* **WORK ORDER**: With pictures left out, set down exactly the lines from the line containing "(22nd December 2020)" through the last line of the data.

[Records contained in a dataset]
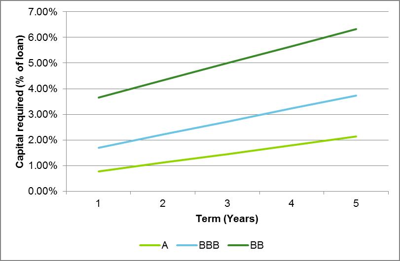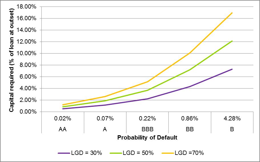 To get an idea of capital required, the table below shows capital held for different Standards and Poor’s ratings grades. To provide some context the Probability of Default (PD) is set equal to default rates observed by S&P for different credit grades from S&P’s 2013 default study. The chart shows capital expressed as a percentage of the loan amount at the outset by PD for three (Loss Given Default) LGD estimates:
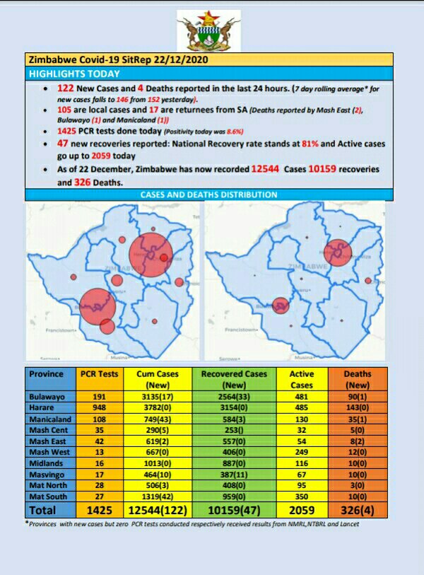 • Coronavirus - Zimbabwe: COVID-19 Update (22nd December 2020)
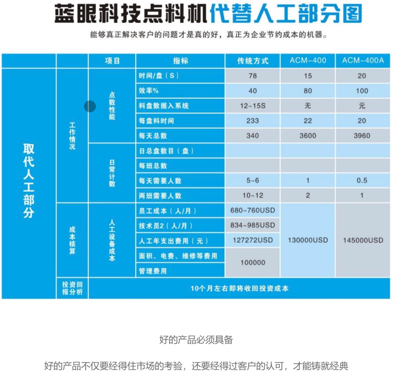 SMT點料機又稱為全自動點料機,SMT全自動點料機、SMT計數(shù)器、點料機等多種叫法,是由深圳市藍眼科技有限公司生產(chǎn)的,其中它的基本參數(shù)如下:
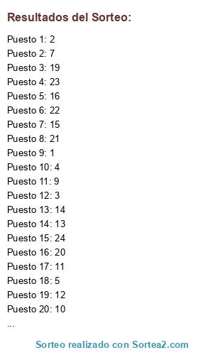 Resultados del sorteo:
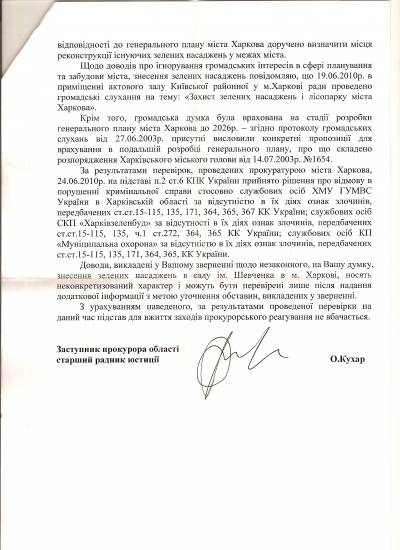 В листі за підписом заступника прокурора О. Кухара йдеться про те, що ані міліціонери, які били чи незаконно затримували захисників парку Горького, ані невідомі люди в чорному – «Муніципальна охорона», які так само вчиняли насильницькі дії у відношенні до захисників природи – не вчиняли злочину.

* **SOLUTION FOR THIS PROBLEM**:
 • Coronavirus - Zimbabwe: COVID-19 Update (22nd December 2020)
 SMT點料機又稱為全自動點料機,SMT全自動點料機、SMT計數(shù)器、點料機等多種叫法,是由深圳市藍眼科技有限公司生產(chǎn)的,其中它的基本參數(shù)如下:
 Resultados del sorteo:
 В листі за підписом заступника прокурора О. Кухара йдеться про те, що ані міліціонери, які били чи незаконно затримували захисників парку Горького, ані невідомі люди в чорному – «Муніципальна охорона», які так само вчиняли насильницькі дії у відношенні до захисників природи – не вчиняли злочину.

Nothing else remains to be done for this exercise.